• Problem requirements: When copying the data below, keep only the lines from the one with "本质就是选两个数,但是要按照" through the one with "Figure 10 shows", word for word, and skip the pictures.

• Records:
= Beginning of Section =

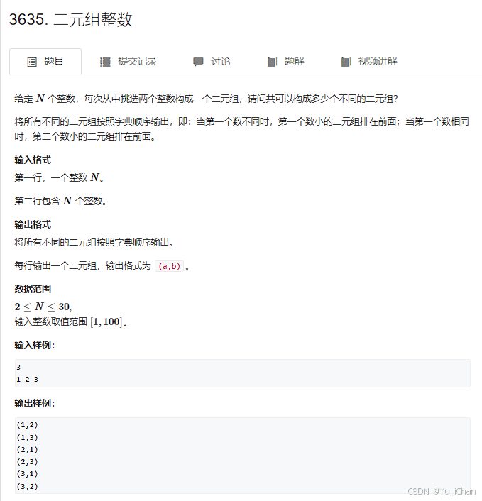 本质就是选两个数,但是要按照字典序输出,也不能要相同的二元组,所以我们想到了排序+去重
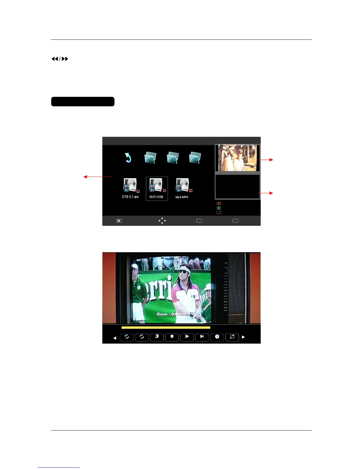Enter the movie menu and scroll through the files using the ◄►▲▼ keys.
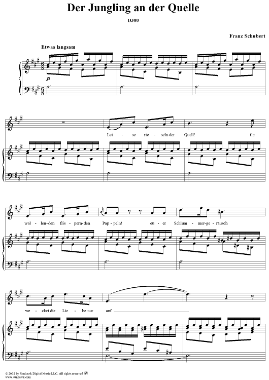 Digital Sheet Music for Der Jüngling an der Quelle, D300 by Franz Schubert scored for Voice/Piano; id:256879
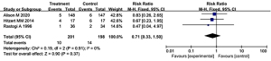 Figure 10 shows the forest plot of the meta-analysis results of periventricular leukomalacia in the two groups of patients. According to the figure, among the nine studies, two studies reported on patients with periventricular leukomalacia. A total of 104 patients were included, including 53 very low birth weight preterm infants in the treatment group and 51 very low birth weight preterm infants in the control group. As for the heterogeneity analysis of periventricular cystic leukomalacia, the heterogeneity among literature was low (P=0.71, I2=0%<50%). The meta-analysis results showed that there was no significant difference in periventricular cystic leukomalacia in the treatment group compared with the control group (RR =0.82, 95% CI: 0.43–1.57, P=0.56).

= End of Section =
= Beginning of Section =

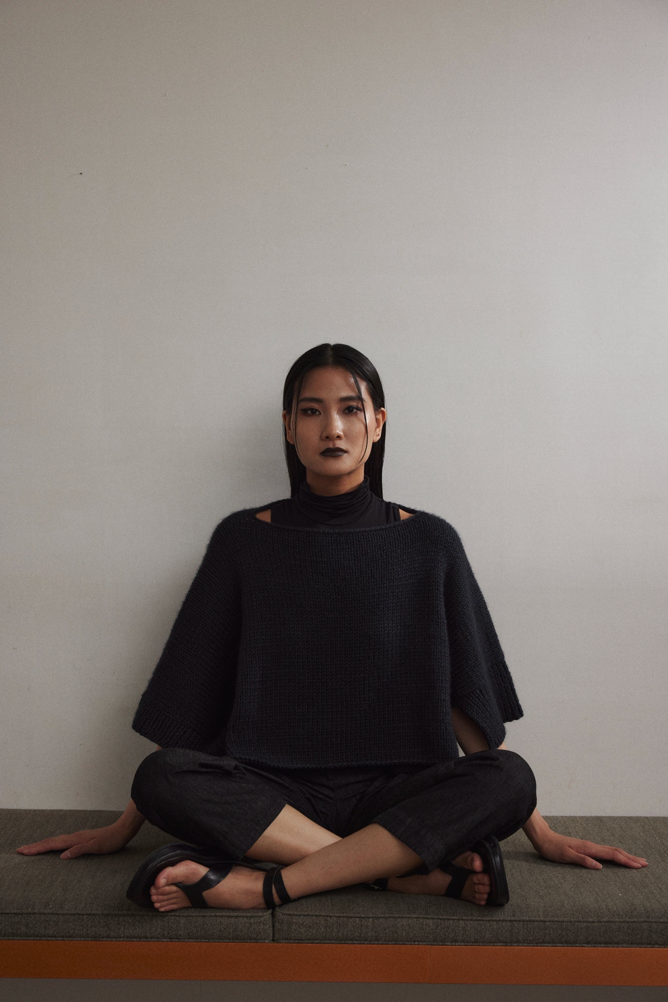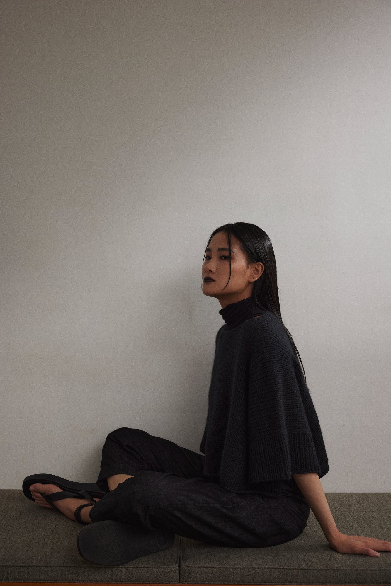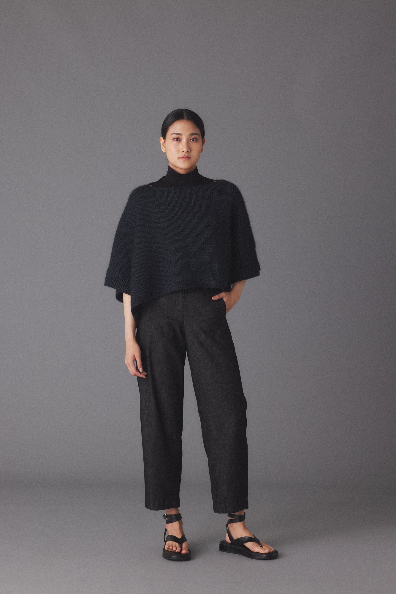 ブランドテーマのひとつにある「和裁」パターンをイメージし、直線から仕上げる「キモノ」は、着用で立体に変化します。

= End of Section =
= Beginning of Section =

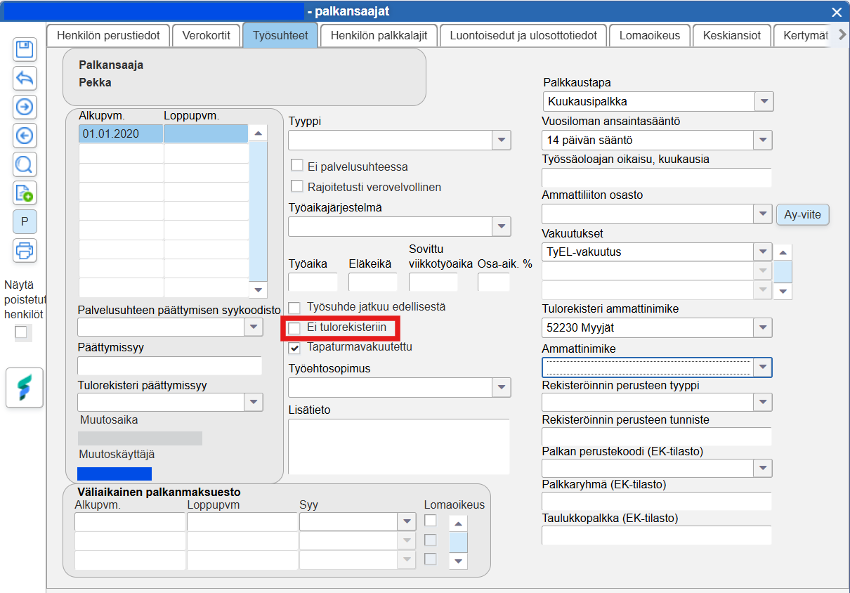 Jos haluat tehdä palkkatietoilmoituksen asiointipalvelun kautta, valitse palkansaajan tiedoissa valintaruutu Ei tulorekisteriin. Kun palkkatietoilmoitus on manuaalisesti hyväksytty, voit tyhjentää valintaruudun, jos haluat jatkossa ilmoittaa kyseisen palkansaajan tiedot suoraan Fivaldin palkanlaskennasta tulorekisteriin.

= End of Section =

• Worked solution:
 本质就是选两个数,但是要按照字典序输出,也不能要相同的二元组,所以我们想到了排序+去重
Enter the movie menu and scroll through the files using the ◄►▲▼ keys.
 Digital Sheet Music for Der Jüngling an der Quelle, D300 by Franz Schubert scored for Voice/Piano; id:256879
 Figure 10 shows the forest plot of the meta-analysis results of periventricular leukomalacia in the two groups of patients. According to the figure, among the nine studies, two studies reported on patients with periventricular leukomalacia. A total of 104 patients were included, including 53 very low birth weight preterm infants in the treatment group and 51 very low birth weight preterm infants in the control group. As for the heterogeneity analysis of periventricular cystic leukomalacia, the heterogeneity among literature was low (P=0.71, I2=0%<50%). The meta-analysis results showed that there was no significant difference in periventricular cystic leukomalacia in the treatment group compared with the control group (RR =0.82, 95% CI: 0.43–1.57, P=0.56).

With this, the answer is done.